The High Court of Australia has now had the final say in the ongoing saga of the restaurant tenant who leased premises at Crown and was told that if it carried out high quality refurbishments of the premises, then it would be ‘looked after at renewal time’. When it came to the expiry of the term of the lease, the landlord required the tenant to vacate the premises.
In this case, the tenant made a claim based on promissory estoppel and collateral contract. Estoppel and collateral contracts are two legal doctrines that can establish enforceable rights in equity even where there is no written contract in place.
The doctrine of promissory estoppel provides that a promise is enforceable by law when a person makes a promise to another person, and that other person relies on that promise to its detriment.

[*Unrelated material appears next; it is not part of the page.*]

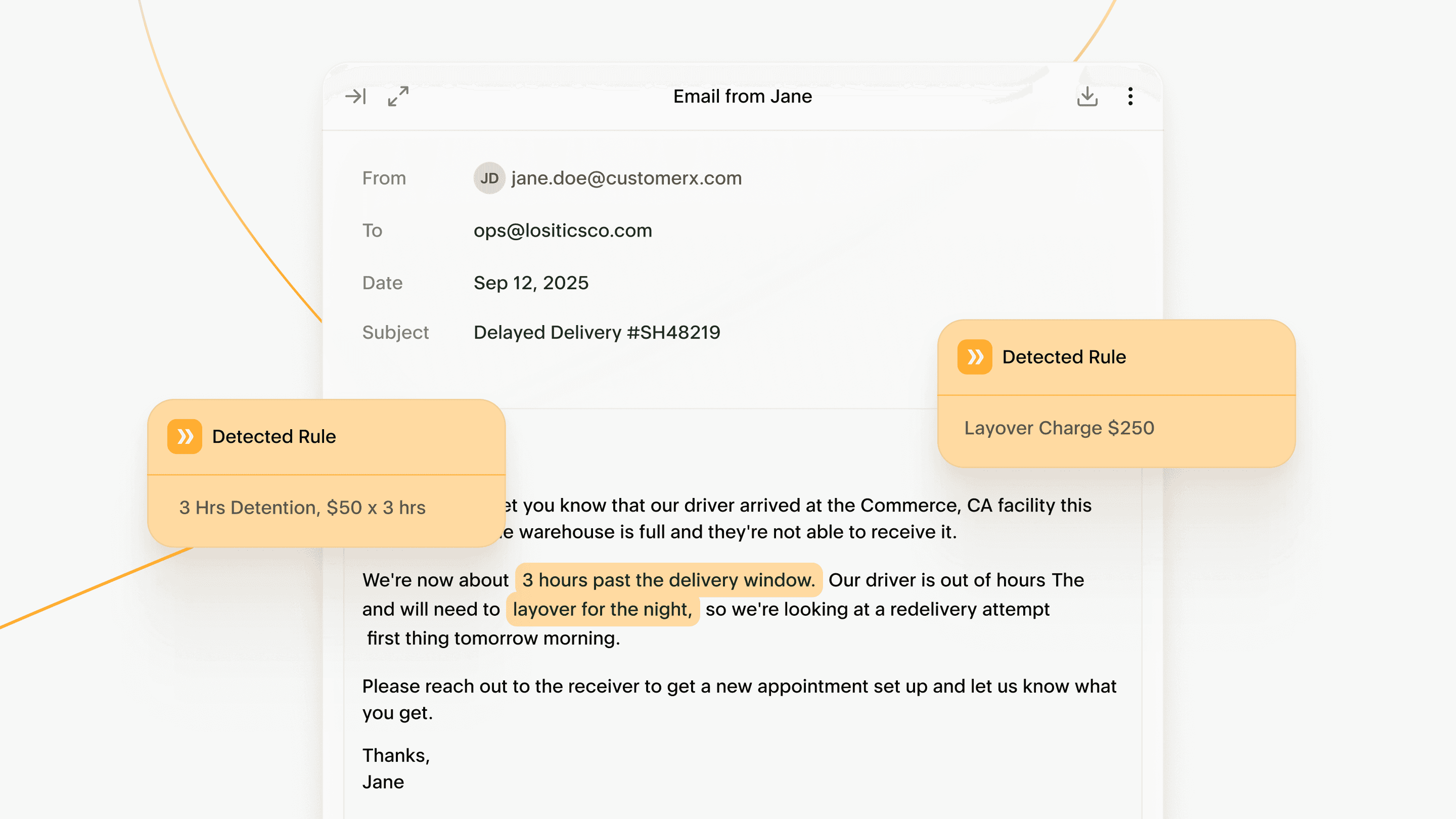 Tally ingests the semantics of email communications in real time, identifying exceptions, discrepancies, and approvals as they happen and matching them to the relevant shipment. When an exception occurs, it's captured with full context, not reconstructed from memory a week later when a customer pushes back.

If a promissory estoppel is found, then that party who relied on it can enforce the promise even though the essential elements of a contract are not present. To create a promissory estoppel, there are specific elements that must be present:
- Party A made a promise significant enough to cause Party B to act on it.

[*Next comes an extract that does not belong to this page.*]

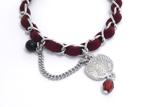 『吉良麟太郎』をイメージしたバッグチャーム。吉良のイメージカラーを基調に、獅子吼学園の校章チャームやほんの少しだけ“ハード”なイメージの喜平チェーンをアクセントに加えた作品感溢れるアイテムです!

- Party B relied upon the promise, and in so doing incurred substantial detriment.
- Party A knew that Party B was acting on the promise and did not put them straight.
- Relief can only come in the form of Party A fulfilling the promise.
In this case, the tenant claimed that it had relied on Crown’s promise that it would be ‘looked after at renewal time’ and as a result it executed the leases and carried out the refurbishments. As such, the tenant suffered significant financial detriment when it was not offered a further term of the lease, but instead was required to vacate the premises.
In general terms, a collateral contract is a contract where the consideration is the entry into another contract, and co-exists side by side with the main contract. It is a subsidiary contract which induces a person to enter into a main contract or which depends upon the main contract for its existence.
In this case, the tenant also claimed that a statement by Crown that it would ‘look after’ the tenant regarding the renewal provided the renovations were of high quality was enforceable as a collateral contract, the consideration for which was the tenant agreeing to sign the lease.
High Court decision
In the end, this case turned on its facts – the majority of the High Court of Australia (Chief Justice French, Justice Keifel, Justice Bell, Justice Keane and Justice Nettle) found in Crown’s favour, that there is no promissory estoppel and no collateral contract.
In relation to claim for promissory estoppel, the majority found that no reasonable person would have relied on Crown’s ‘promise’ that it would be ‘looked after at renewal time’ to establish an enforceable right to be offered a further lease. Attention was also given to whether the assumption was in fact acted upon by the tenant. The tenant submitted that it assumed there would be a renewal of the lease on the same terms and conditions as the 2005 lease, which is what lead it to hand over the executed leases. However no evidence for this was produced at trial and it was held that the tenant had not shown that the assumption was acted upon.
Further, the majority found that Crown’s promise to the tenant that it would be ‘looked after at renewal time’ was not sufficiently detailed and certain to constitute a collateral contract. It was held that there was a lack of terms, as opposed to uncertainty of terms, to create a collateral contract and Crown’s statement ‘did not have the quality of a contractual promise of any kind’.
This is a timely reminder for tenants and any parties entering into contractual arrangements – make sure all of the representations made to you, as well as your rights and expectations are sufficiently detailed in the contract. This case is a very practical example that it can be very risky to rely on promises, representations or statements made outside of the contract, which may be held to be unenforceable at law.